The Library subscribes to as many of the commercial resources as we can, but they often are very expensive.  What can you do if the paper you are interested in is not available through Cornell?

An option may be to use a newspaper product from a genealogical publisher.  For a reasonable fee (often as low as $80/year), they can provide access to hundreds of titles that we do not own.  Here are three examples:

  • Newspapers.com is a new database from Ancestry, the company that produces the Ancestry.com database to which the library currently subscribes.  Newspapers.com currently has over 800 papers and 25 million pages.  Newspapers supposedly date from the 1700s into the 2000s.
  • GenealogyBank.com from NewsBank, one of the Library’s sources for contemporary online news, claims to have over 6,400 newspapers available for searching.

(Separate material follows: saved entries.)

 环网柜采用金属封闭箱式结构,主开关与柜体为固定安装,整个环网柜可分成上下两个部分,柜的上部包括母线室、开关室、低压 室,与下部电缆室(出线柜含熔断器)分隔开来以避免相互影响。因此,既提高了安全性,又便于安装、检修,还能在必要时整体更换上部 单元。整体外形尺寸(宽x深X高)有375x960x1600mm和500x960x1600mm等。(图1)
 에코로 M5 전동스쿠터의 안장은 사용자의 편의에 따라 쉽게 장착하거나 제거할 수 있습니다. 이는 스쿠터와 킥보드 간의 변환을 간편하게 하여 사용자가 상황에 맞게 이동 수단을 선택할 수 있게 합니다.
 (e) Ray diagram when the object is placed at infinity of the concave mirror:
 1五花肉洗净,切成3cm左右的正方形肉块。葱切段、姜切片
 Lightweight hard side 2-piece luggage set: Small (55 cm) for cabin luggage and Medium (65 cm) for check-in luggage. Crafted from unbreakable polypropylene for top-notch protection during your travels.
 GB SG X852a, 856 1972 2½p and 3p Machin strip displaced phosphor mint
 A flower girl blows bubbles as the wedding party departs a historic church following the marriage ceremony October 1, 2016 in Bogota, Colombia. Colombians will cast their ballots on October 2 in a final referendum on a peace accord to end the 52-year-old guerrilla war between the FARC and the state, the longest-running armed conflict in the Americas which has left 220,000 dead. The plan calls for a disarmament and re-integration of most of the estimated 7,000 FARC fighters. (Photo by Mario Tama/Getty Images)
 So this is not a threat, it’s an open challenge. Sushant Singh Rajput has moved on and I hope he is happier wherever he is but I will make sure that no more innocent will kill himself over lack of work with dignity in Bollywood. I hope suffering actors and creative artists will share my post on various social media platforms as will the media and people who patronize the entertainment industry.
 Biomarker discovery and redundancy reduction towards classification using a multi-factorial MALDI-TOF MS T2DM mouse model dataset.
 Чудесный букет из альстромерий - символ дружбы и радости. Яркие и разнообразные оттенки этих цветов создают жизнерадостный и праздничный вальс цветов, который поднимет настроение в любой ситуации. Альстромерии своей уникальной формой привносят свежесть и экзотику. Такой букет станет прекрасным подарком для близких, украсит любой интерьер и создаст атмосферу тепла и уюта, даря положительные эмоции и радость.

Because NewsBank also owns Readex, this may be a source for papers in series in America’s Historical Newspapers to which the Library does not subscribe.
  • For UK papers, the genealogy site Findmypast.co.uk has added 200 UK newspaper titles published between 1710 and 1950.  These are produced in conjunction with the British Library.

In most cases, these sites have limited free searching.  Since these are intended primarily for the genealogical community, searching is often by name.  Nevertheless, the full content of the paper is usually included.  And these services often offer a free trial period.  If they have the papers from an area of interest to you, it could be an affordable research expenditure.